Aim of the task — Only the lines from the first line of the data through the line containing "The first room" belong in the answer, transcribed exactly; pictures do not.

:: Task input ::

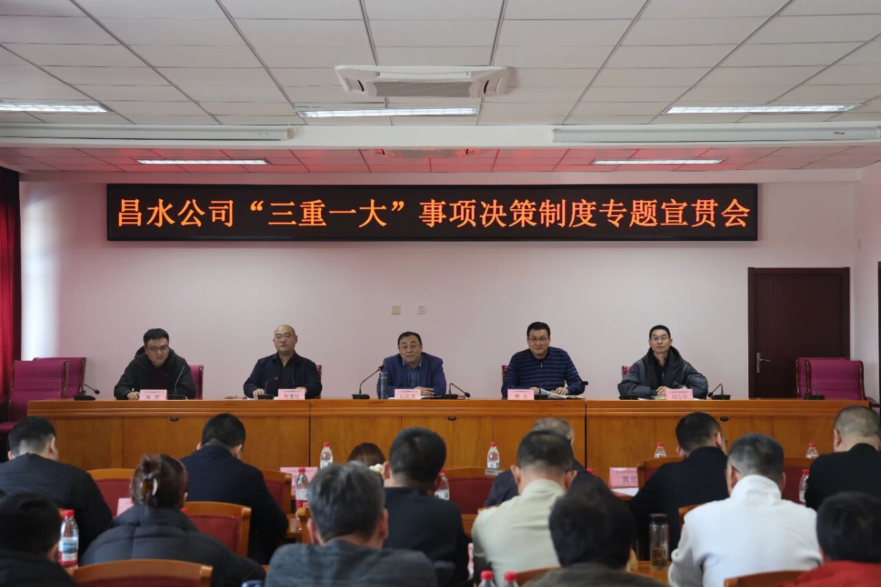12月14日,北京昌水建筑有限公司(以下简称“昌水公司”)召开“三重一大”事项决策制度专题宣贯会,旨在深入学习、全面领会、坚决贯彻新修订的《中共北京昌水建筑有限公司支部委员会“三重一大”事项决策制度》,为公司规范权力运行、防范决策风险、提升治理效能筑牢制度根基。公司领导班子成员、各部室经理及副经理、各施工处处长及副处长、子公司总经理及副总经理参加会议。
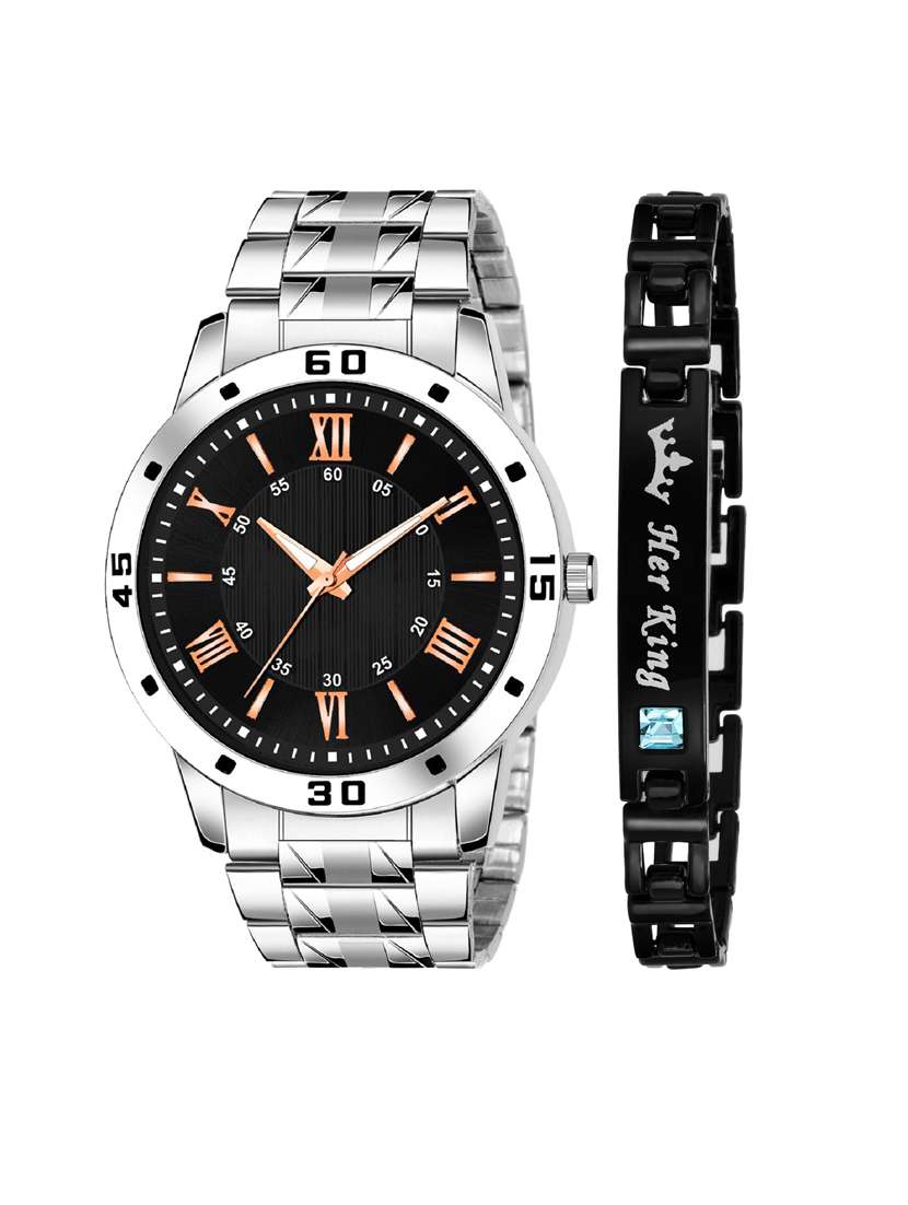 kajaru jew_60_k_20 stylish dial- stainless steel strap watch & black bracelet combo set for men
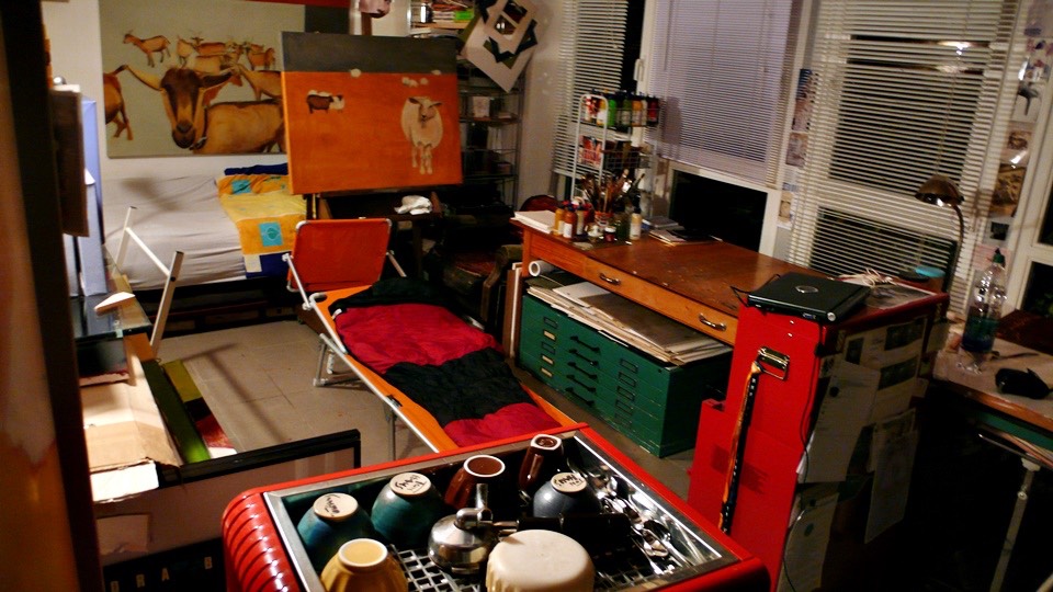 The first room is a painting room, and there are even heater provided for warmth.
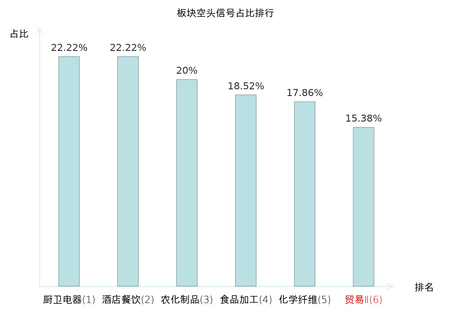 全市场所有行业板块中主力空头信号占比排名中,厨卫电器板块位居第一。化学纤维板块名次提升最快,较昨日上升119位。
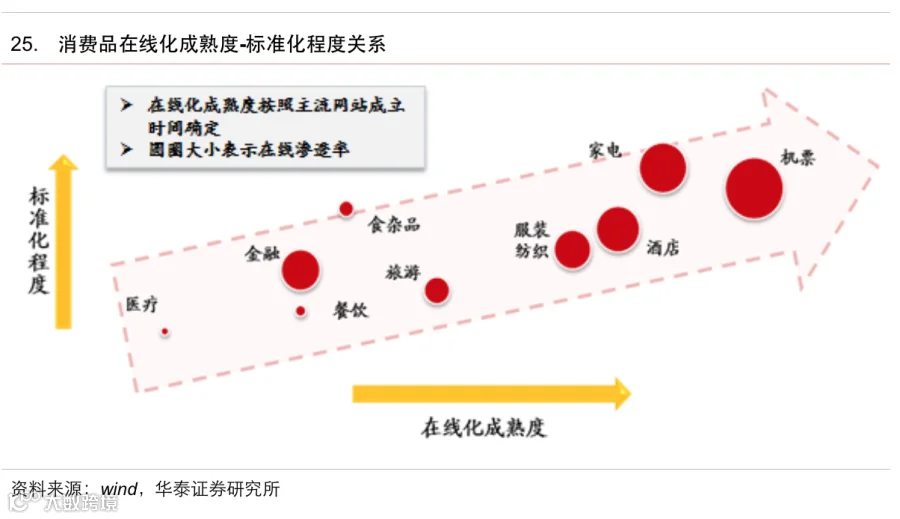 O2O的市场空间有多大?主要取决于产品/服务的非标准化程度。在“在线化成熟度-标准化程度”的二维坐标系下,大消费产业中越是标准化程度高的领域,在线纯平台的渗透率就越高,基本呈线性分布状态。
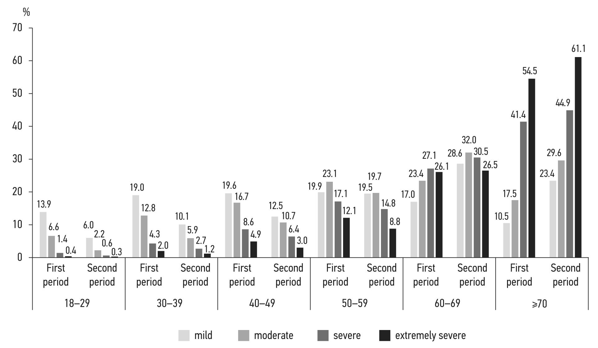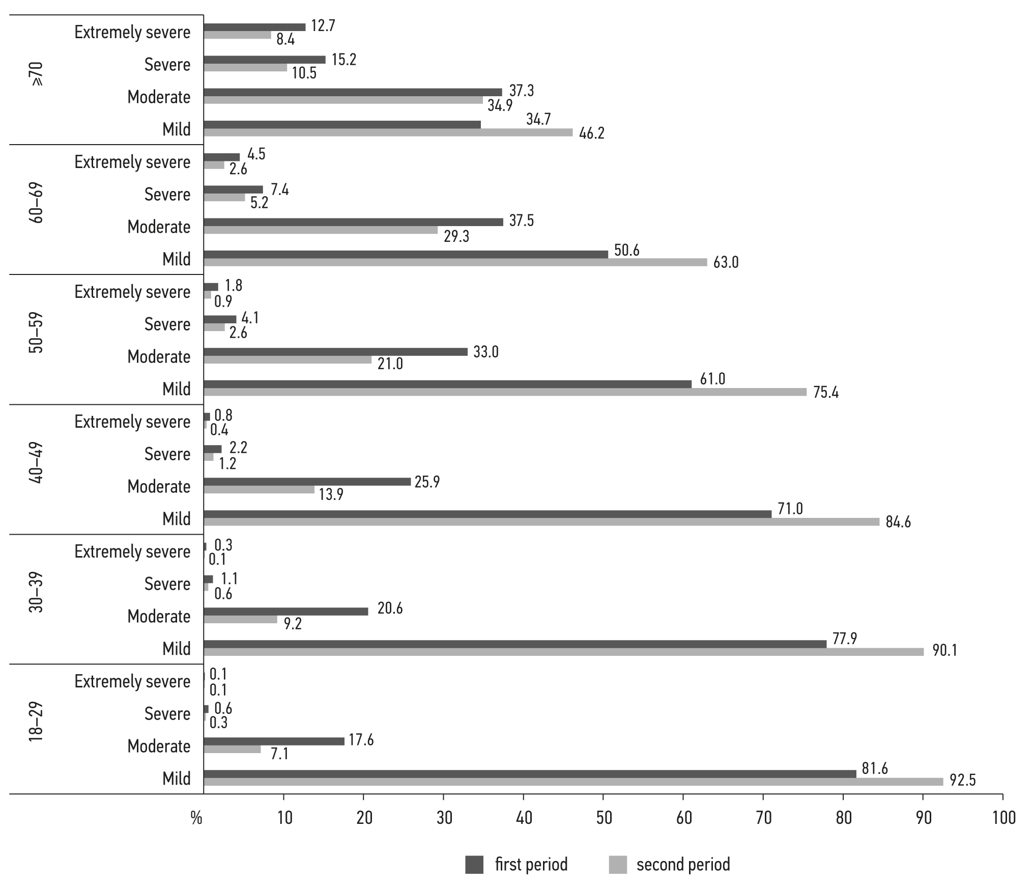 Majority (63.0%) of patients exhibited mild severity of the disease. In the youngest age group (18–29 years), the proportion of patients with mild forms of the disease was 81.6%, and 0.1% of patients in this age group experienced an extremely severe form of COVID-19. However, in older age groups, an increase was observed in the frequency of severe and extremely severe courses of the disease (Fig. 3). The frequency of extremely severe disease was higher in male (3.5%) than in female (2.7%) patients (p <0.05).

:::

Output of the task —
12月14日,北京昌水建筑有限公司(以下简称“昌水公司”)召开“三重一大”事项决策制度专题宣贯会,旨在深入学习、全面领会、坚决贯彻新修订的《中共北京昌水建筑有限公司支部委员会“三重一大”事项决策制度》,为公司规范权力运行、防范决策风险、提升治理效能筑牢制度根基。公司领导班子成员、各部室经理及副经理、各施工处处长及副处长、子公司总经理及副总经理参加会议。
 kajaru jew_60_k_20 stylish dial- stainless steel strap watch & black bracelet combo set for men
 The first room is a painting room, and there are even heater provided for warmth.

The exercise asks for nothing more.